In summary, large thermoelectric effect was observed in the MTJ arising from the temperature difference between both sides of a 2-nm Al₂O₃ tunnel barrier. The magnetothermovoltage ratio for the P and AP magnetization configuration is similar to the TMR ratio in the Al₂O₃ MTJ. However, the thermotunnel current is independent on the magnetization alignments. The TP can be estimated to be >1 mV K⁻¹ in the Al₂O₃ MTJ, which is larger than that in the metal and semiconductor, suggesting that MTJ can be used as a good thermospin device. The thermospin devices can work in an open-circuit without applying any current or voltage.
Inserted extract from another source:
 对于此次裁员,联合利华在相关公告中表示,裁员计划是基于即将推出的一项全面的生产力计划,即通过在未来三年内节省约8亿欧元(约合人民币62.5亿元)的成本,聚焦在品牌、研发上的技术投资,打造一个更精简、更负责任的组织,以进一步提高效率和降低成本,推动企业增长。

On one hand, the large change in thermovoltage can be obtained in the presence of a temperature difference through controlling the relative magnetization alignment of the two ferromagnetic layers in the MTJ. On the other hand, the magnetothermovoltage can be used to detect the magnetization configuration even in the open-circuit geometry. The exact mechanism may still be discussed, but we are proposing a description based on elastic scattering to explain qualitatively the experimental results.
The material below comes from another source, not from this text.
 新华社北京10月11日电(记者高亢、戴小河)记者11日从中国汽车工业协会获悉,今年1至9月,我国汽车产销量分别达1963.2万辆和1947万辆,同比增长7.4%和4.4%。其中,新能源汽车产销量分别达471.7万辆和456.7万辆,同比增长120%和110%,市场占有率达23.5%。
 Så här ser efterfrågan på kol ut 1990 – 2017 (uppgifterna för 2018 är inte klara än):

This work extends the understanding of the spin-dependent thermal and electrical transport in nanostructures, and has promising potential for the design and application of thermally driven MTJ.

Methods

MTJ preparation

The MTJ consists of a bottom reference layer Ta(5 nm)/PtMn(25 nm)/Co₉₀Fe₁₀(2 nm)/Ru(0.8 nm)/Co₉₀Fe₁₀(3 nm) and a free layer Co₉₀Fe₁₀(2 nm)/Ni₈₀Fe₂₀(5 nm)/Ru(4.8 nm)/Au(10 nm) separated by a 2-nm thick Al₂O₃ barrier. The films were deposited on the 400 nm Al₂O₃ covered Si wafers in a DC magnetron sputtering system at RT with a base pressure of 2×10⁻⁸ Torr and a deposition pressures of 2–3 mTorr. The Al₂O₃ barrier was obtained by reactive rf (radio frequency) oxidation of a 2-nm Al layer at a power of 50 W. The films were annealed for 2 h at the temperature of 265 °C and a 1.3-T magnetic field in a N₂ atmosphere oven, and then patterned to circular shape with the diameter varying from 40 to 100 μm using the photolithography and ion mill processes. The 200 nm Cu and 10 nm Ta were used as both the bottom and the top leads. The MTJs were measured using a system sourcemeter. The TMR is around 40±3% and the resistance-area product is about 22±6 MΩμm² at RT.
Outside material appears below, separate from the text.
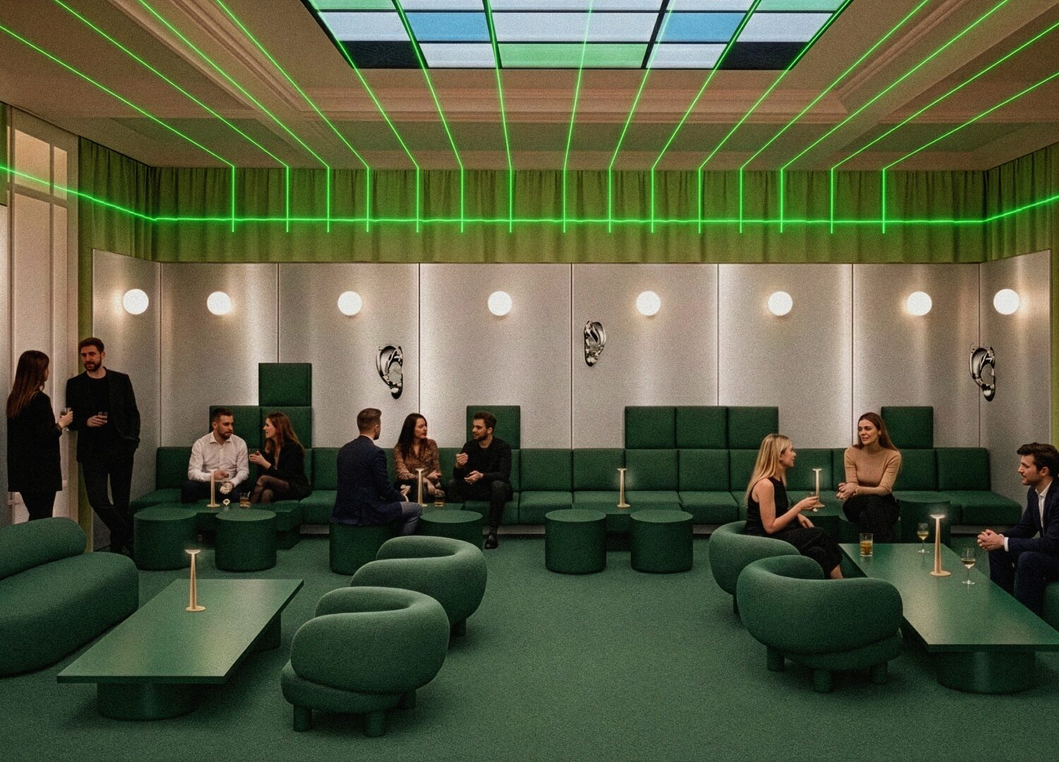 One of the most ambitious projects is Bar Adrenalina, an activation in Palazzo Litta by the homonymous furniture brand, as part of MoscaPartners Variations. Across three rooms in the Boccascena Caffè, a network of microphones captures every sound the bar generates, and the data will then be used to compose an original music work and inform the physical form of a future sofa. Described as a co-design laboratory of sound, the bar invites every visitor to become a co-author.

Magnetothermovoltage and thermotunnel current measurements

To generate a temperature difference between the reference layer and the free layer, the top lead or the bottom lead was heated using a laser beam from a laser diode with a wavelength of 780 nm and a maximum power of 125 mW. The laser spot on the lead is around 5 mm away from the junction. It should be noted that only part of heat pass through the MTJ, because the power is dissipated and the size of the MTJ is much smaller than that of the leads. The thermovoltage was measured by a nanovoltmeter having an internal resistance larger than 10 GΩ in an open-circuit at RT with an applied magnetic field up to 0.3 T along the in-plane easy axis. The thermotunnel current was measured by a sourcemeter having an internal resistance lower than 100 mΩ, connecting the 16 kΩ MTJ in a closed circuit without applied voltage.

The thermovoltage of MTJ was also checked by measuring the AC voltage using a lock-in with the same frequency of the AC laser power. The AC measurement shows the similar behaviour with the DC measurement.

The temperature difference in between the bottom and top leads was obtained by measuring the temperature of each lead with a k-type thermocouple connected to a nanovoltmeter. To minimize the error, we tried to install the thermocouple as close as possible to the junction. The temperatures of the leads were also checked by measuring the resistance variation of the leads due to laser heating.

The Al₂O₃ MTJs with the diameters varying from 40 to 100 μm were measured and showed similar behaviours.